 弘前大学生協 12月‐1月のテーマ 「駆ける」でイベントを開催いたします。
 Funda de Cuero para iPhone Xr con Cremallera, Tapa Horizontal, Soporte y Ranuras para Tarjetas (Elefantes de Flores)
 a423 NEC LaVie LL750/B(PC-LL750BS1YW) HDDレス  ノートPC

════════════════

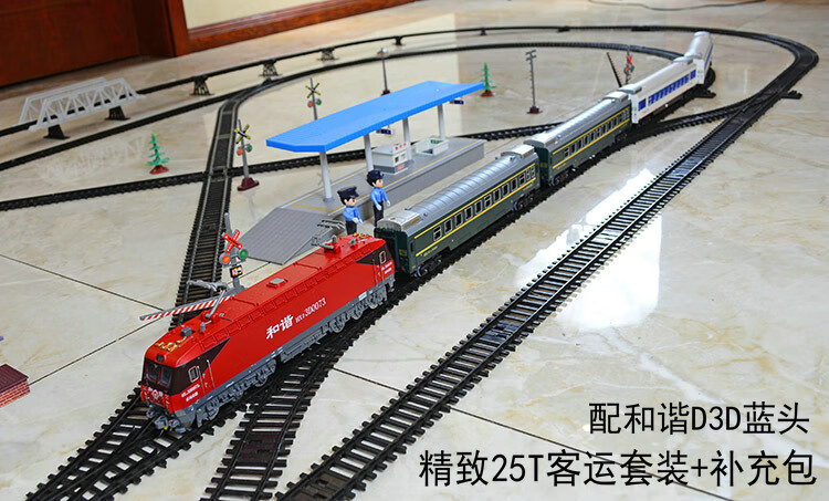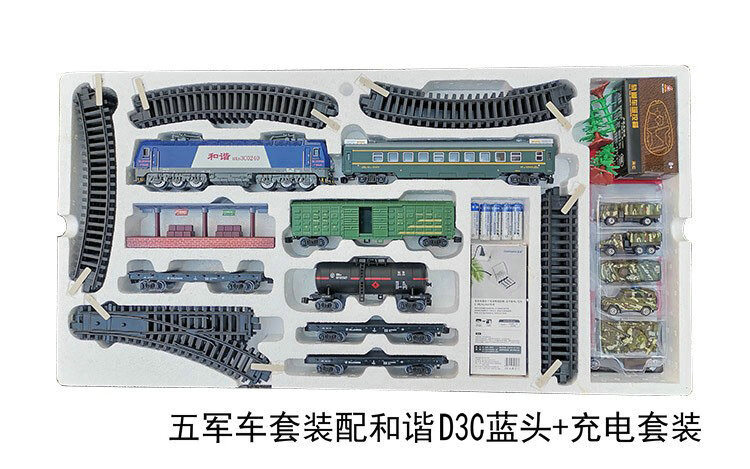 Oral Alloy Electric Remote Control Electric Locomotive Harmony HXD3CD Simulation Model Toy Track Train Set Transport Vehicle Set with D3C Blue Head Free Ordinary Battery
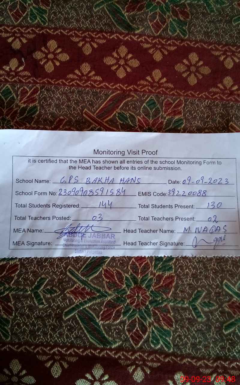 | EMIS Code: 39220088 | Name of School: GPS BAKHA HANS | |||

════════════════

▶ **Your instructions**:
Would you output, from the records above, exactly the run of lines that starts at the line containing "Funda de Cuero" and ends at the line containing "a423 NEC LaVie", and only that run?

▶ **Answer box**:
 Funda de Cuero para iPhone Xr con Cremallera, Tapa Horizontal, Soporte y Ranuras para Tarjetas (Elefantes de Flores)
 a423 NEC LaVie LL750/B(PC-LL750BS1YW) HDDレス  ノートPC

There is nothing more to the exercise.